EXERCISE BRIEF: Extract the stretch of lines that starts at the line with "- Press at 385–400°F" and ends at the last line of the data below. Give it exactly, without pictures.

EXERCISE INPUTS:

----------

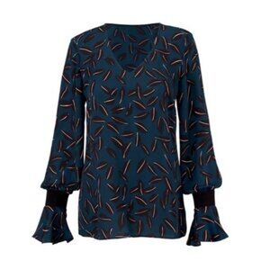 CAbi 3763 Shadow Leaf Blouse in Teal Size Large
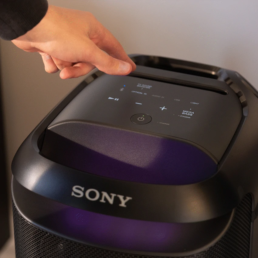 Whether you want to host an epic party or enjoy your favourite movie or TV show, this speaker will give you the experience you need. The XV800 provides a powerful, room-filling sound, whatever you’re listening to and wherever you’re listening from. So, don’t compromise, play music loud and clear or enrich your movies and TV with the XV800.The XV800 speaker is built to party with a loud and clear sound. Aside from being portable enough to easily move around, it also projects sound on all sides, so that your guests will get a great sound experience whether they’re standing in front of it or behind.Whatever you’re watching, you want the very best sound. Thanks to deep bass and room filling sound provided by the TV Sound Booster you’ll get a sound so real you’ll feel like you’ve entered the world on the screen.The XV800 comes complete with a convenient and intuitive touch panel that makes it easier to control your settings. Even better, it lights up so you can stay in control when it gets dark.
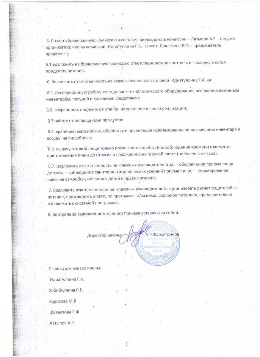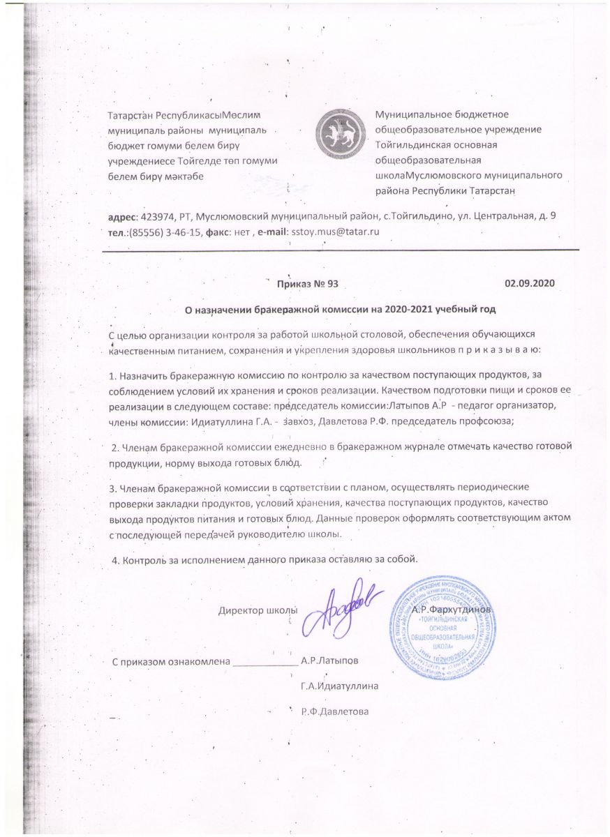 Приказ о бракеражной комиссии на 21023-2024 учебный год
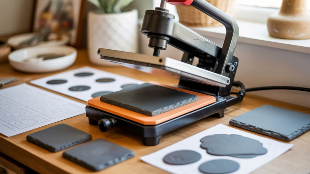 - Press at 385–400°F for 6–9 minutes with firm pressure—longer times than metal due to slate’s thickness.
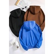 Unisex Düz 3' Lü Baskısız Kapüşonlu Oversize Sweatshirt Mavi

----------

ANSWER SECTION:
 - Press at 385–400°F for 6–9 minutes with firm pressure—longer times than metal due to slate’s thickness.
 Unisex Düz 3' Lü Baskısız Kapüşonlu Oversize Sweatshirt Mavi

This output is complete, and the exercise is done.